Are you a TV mom? You know what I'm talking about: one of those parents who prays to the cable gods and has taught her 2-year-old how to work the remote because, OMG, this modern technology thing is a LIFESAVER?
Me too. Funny thing too, I was raised in a TV-free household as a kid. I considered going that way. I really did. And then I got wise to all the glories parking your kid in front of the boob tube has to offer. Yes, it's true, there are marvelous reasons to let your kids watch TV; don't let that woman who reeks of patchouli dissaude you.

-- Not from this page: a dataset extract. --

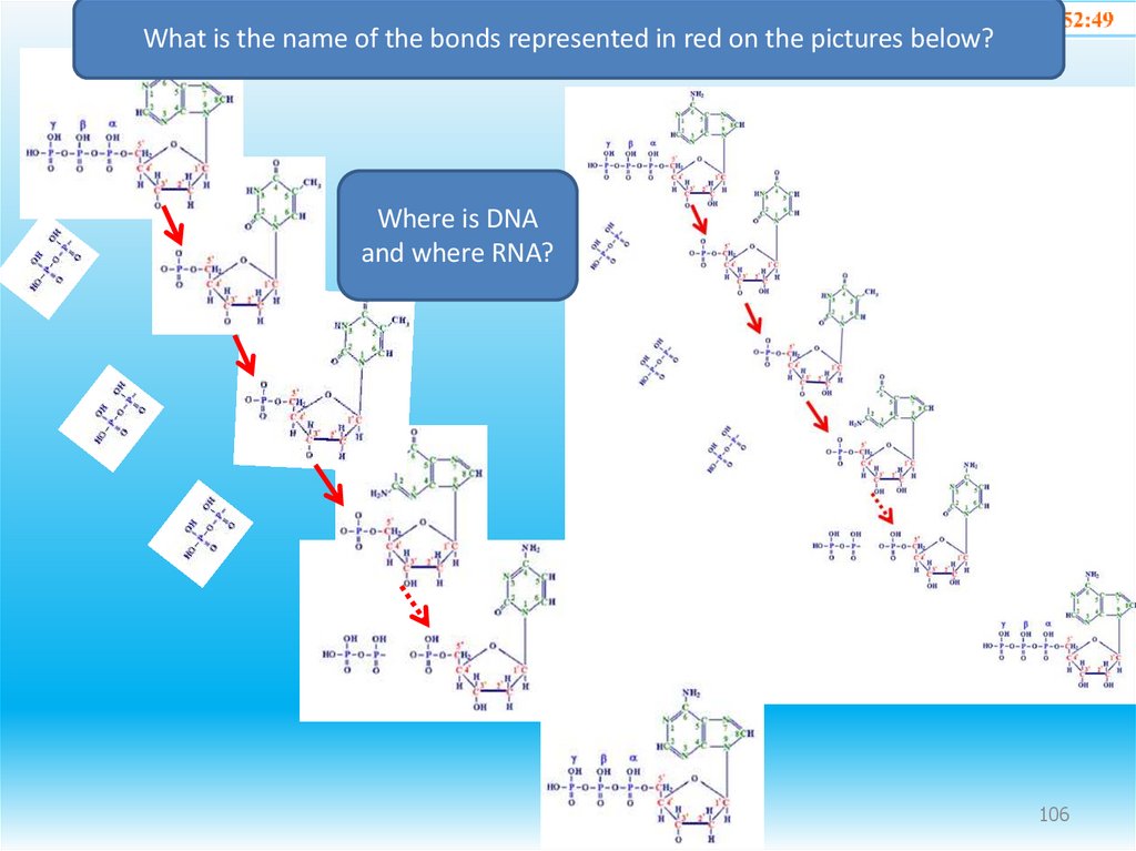 What is the name of the bonds represented in red on the pictures below?Where is DNA
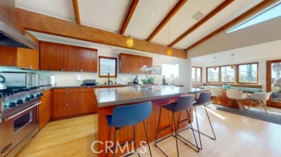 Stunning Contemporary Ocean-View Home in the Heart of Manhattan Beach! Welcome to 3205 Bayview Drive, a remodeled coastal gem in Manhattan Beach’s Sand Section. This 3-bedroom, 3-bathroom home spans 2,350 sq. ft. and offers the perfect blend of luxury and beachside living, just steps from the Pacific Ocean and The Strand. Inside, expansive windows and soaring vaulted wood ceilings showcase stunning ocean views from the great room, complete with oversized wood-burning fireplace, while the open floor plan features a primary suite with massive fireplace, a guest room with a queen bed, and a bunk room with 4 beds—ideal for families. A sofa bed in the living room provides extra flexibility. The gourmet kitchen boasts high-end appliances, including a full oven range, dishwasher, and wine fridge, all with ocean views. Step outside to a private, 1000 Sq Ft deck with a fire pit, loungers, dining area, BBQ, and panoramic coastal vistas. Additional amenities include in-house laundry, smart TVs, vaulted ceilings, hardwood floors, and a cozy fireplace. This pet-friendly home also offers 2 garages and is located in the heart of Mid Manhattan Beach, close to coffee shops, boutiques, restaurants, and the beach. 3205 Bayview Drive – your gateway to an unforgettable beachside living.

Just look:
1. Mommy needs to have a sex life.
2. Dinner isn't going to make itself.
3. How else will they know they absolutely NEED a light up blender that sings you to sleep for Christmas?
4. Knowing how to say backpack in Spanish will coming in handy when they want to go backpacking through Europe after high school. Probably?
5. The teenager down the street thinks she can charge $15 an hour? Pshaw.
6. Two kids staring at a TV = two kids who are not beating the crap out of each other. Sibling rivalry, schmibling rivalry.
7. Have you tried tracking down a good sitter lately? Ain't nobody got time for that.
8. They're leaving the darn dog alone.
Come on, spill -- why do YOU let the kids watch TV?